When beginning to format my drafted story featuring Bang Bang, an unintelligent cunning half-orc warrior and veteran mercenary, I found it incomplete. Exporting it again, my previous 4k word copy corrected to a more robust 10k+ words.
Unlike other fantasy stories, it isn’t a coming-of-age story or about an epic quest, but instead an alignment check story about a formerly idealistic heroine compromised ethically as she walked the path of vengeance. In the post-drafting notes, I commented, “I thought it an unusual, but more natural take on the emotional side of revenge. Instead of showing revenge being unsatisfying, it showed how horrible revenge must be to cleanse. Not advocating revenge but being honest about its horror and the brutality of a violent life.”
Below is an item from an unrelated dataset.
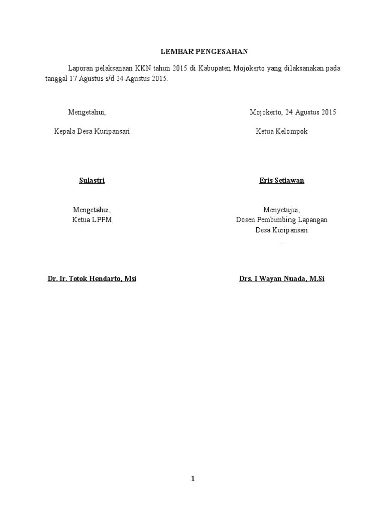 Sebagai pertanggungjawaban telah kami susun laporan kelompok kkn semester. Karya ilmiah ini diajukan oleh. Mulai dari lembar pengesahan proposal, makalah, skripsi,. Lembar pengesahan laporan praktek kerja lapangan (pkl) (diajukan untuk melengkapi persyaratan dalam mengikuti ujian akhir nasional sekolah menengah kejuran . Yang bertanda tangan di bawah ini,.

Plot-wise it is a simple story. While on a job gathering herbs in the forest for the town’s cleric, Bang Bang finds an injured nearly dead Yuna. Using skills learned while campaigning with a mercenary company, he treats her wounds. After a fight defeating an ogre, Yuna’s party had abandoned her to die. For a promise of payment, Bang Bang takes her back to town where he continues to treat her wounds. While in town, he finds that Yuna’s former companions are staying at the inn. The remainder of the story is Bang Bang and Yuna planning then executing her revenge, in which she kills the former friends who betrayed her.
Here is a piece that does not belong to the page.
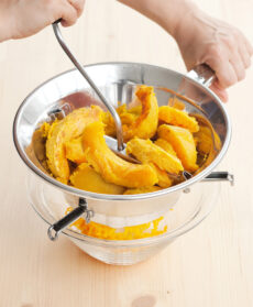 Sfornate la zucca, lasciatela intiepidire, eliminate la scorza e tagliate la polpa a pezzi; passatela al passaverdure a cui avrete applicato il disco più fine, raccogliendo il passato in una capiente ciotola: dovrete ottenere circa 500 g di composto.

Below is a clip from the draft.
** Snip **
Too weak to protest, Yuna did not respond. She just laid there groaning in pain as he treated her wounds. After he finished, she quietly moaned, “T-Thank you.” She slowly opened her eyes a bit and looked up at him, then closed her eyes as she lay in exhaustion.
He said, “Your ass kicked.”
Yuna slowly nodded her head then spoke quietly and gently, “Y-Yes. I w-was betrayed.” She weakly closed her eyes again. Her breathing was slow and steady as she lay there, her face completely exhausted.
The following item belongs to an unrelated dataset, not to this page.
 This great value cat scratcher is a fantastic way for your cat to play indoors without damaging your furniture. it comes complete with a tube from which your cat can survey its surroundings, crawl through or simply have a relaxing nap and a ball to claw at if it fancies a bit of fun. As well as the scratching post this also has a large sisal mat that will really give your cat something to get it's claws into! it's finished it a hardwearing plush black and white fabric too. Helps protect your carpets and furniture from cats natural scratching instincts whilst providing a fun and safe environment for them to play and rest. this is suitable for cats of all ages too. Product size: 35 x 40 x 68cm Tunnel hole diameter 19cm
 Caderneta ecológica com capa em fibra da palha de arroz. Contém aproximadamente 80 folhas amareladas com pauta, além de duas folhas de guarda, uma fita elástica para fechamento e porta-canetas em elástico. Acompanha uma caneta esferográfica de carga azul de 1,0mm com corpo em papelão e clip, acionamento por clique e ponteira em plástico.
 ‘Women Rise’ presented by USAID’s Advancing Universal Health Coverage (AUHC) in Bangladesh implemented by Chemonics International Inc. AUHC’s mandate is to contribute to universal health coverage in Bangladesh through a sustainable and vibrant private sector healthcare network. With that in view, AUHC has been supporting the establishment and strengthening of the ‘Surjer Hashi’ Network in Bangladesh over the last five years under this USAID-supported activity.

He judged, “Maybe, you in wrong business.”
Yuna shook her head, slowly opened her eyes, then looked up at him. “I’ve been in this business for years…This is the first time something like this has ever happened,” she spoke weakly as she slowly tried to get up but fell back down with groans of pain.
He said, “First time…last time…often same. You probably live ‘til next time.”
Yuna thought for a moment, then slowly nodded. She strained to speak in a quiet and gentle tone, “You’re right.” Closing her eyes again, she rested on her back accompanied by stifled groans and moans. Her body felt heavy to her. As she lay there battered, she wondered to herself, ‘Am I too broken to recover?’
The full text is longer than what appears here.